После обеда пурга валила «дуром». Мы счастливым образом вышли из торосов, прошли некоторое время по вполне сносным полям, после чего в условиях плохой видимости попали примерно в такой же хаос, как и перед обедом. Но мы не остановились на ночевку, а мучаясь, начали искать проход, и в результате вышли на простор и уже шли без особого сопротивления до самой ночи. Приятно было остановиться на ночевку, перевалив через очередные торосы в самом начале громадного, чистого поля, которое простиралось, как нам казалось, до самого Полюса. После всех сегодняшних дел нам было радостно. И еще нам было радостно оттого, что сегодня, 27 марта, у Славы день рождения. Славка захотел связать свое рождение с видом убегающего на север ледового поля, не встречающего сопротивления торосов до самого горизонта. Поэтому здесь, прямо на грубом капроне нарт появились пластиковая бутылочка с разведенным еще в обед спиртом, сохраняемая от мороза у именинника за пазухой, и пара фиников на закуску. Капюшоны наши были покрыты слоем инея. С носа на усы и подбородок, сплетая одежду и волосы, единой массой свисал комок льда. Отмороженные по самые глаза щеки покрылись наростами болячек. Я пожелал Славке того, что в тот момент было для него самым важным, — дойти. Мы выпили за это и, в последний раз добежав взглядом до горизонта, поспешили в палатку, варить ужин, в предвкушении продолжения праздника.

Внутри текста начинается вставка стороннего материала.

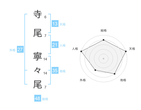 寺尾 寧々尾さんの天格は13画の5点!
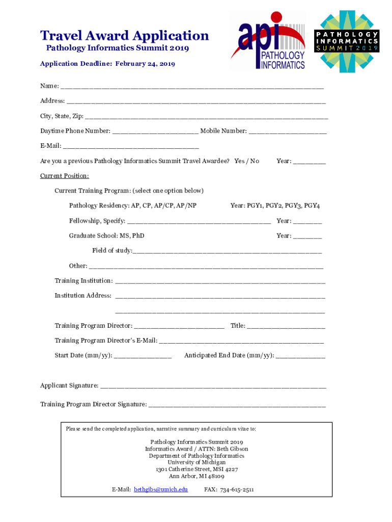 Travel Award Application Pathology Informatics Summit 2019Application Deadline: February 24, 2019, Name: Address: City, State, Zip: Daytime Phone Number: Mobile Number: Email: Are you a previous Pathology

Каждую субботу я звонил домой. В тот момент, когда мы укладывались спать, в Пушкино было начало вечера. Обычно трубку брала Люда, и я сообщал ей свои координаты, причем разбираться в градусах, широте, долготе я ее не учил. Самое удивительное, что она по этим параметрам четко ориентировалась в том, насколько хорошо или плохо мы продвигаемся. Четыре года назад, когда я вернулся домой после своего путешествия на яхте в Антарктиду, я обнаружил в своем большом атласе аккуратные, почти профессиональные записи координат нашего передвижения. Я коротко описывал ей основные наши события, после чего она спрашивала меня, не болен ли я? Наверно, ее смущал мой голос, измененный спутниковой связью. Я слышал ее плохо, и только потом до меня дошло, что по субботам, как у нас и было заведено, они топили баню и, каждую минуту ожидая моего звонка, уносили туда телефон, при этом связь ухудшалась. В Хатангу мы звонили чаще, чем домой, но все равно Гамет был недоволен, он хотел иметь наши координаты каждый день. В конце марта он сделал нам два сильных сообщения. Первое: мы оторвались от корейцев на двести десять километров. Второе — печальное: Доминик улетела в Финляндию, где ей ампутировали четыре пальца. Для нас со Славкой второе сообщение было ужасным и полностью скомкало впечатление от первого, лишив нас радости относительно корейцев. Из рассказов тех, кто ходил сюда автономно, мы знали, что Полюс требует полной самоотдачи и ухода от любых поблажек себе, таких, например, как восьмичасовой сон. Нужно будет идти в любую погоду, любую пургу, идти, используя каждую минуту для передвижения в меридиональном направлении. Такой спартанский режим позволил нам хорошо продвигаться. В конце марта из Хатанги, а потом и из Москвы стали долетать до нас хвалебные в наш адрес слова. Всегда приятно, когда тебя хвалят, тем более когда это касается твоего любимого дела. Корейцы наверняка не ожидали увидеть Арктику такой неприступной. Действительно, в альпинизме все происходит гораздо более стремительно: несколько дней работы — и все заканчивается. А здесь Север буквально корежил тебя в течение двух месяцев, минута за минутой, и не было в этом марафоне ни минуты отдыха. Даже когда ты отдыхал, твое тело стерег мороз. Через две-три недели такого прессинга Арктика могла сломать любого человека.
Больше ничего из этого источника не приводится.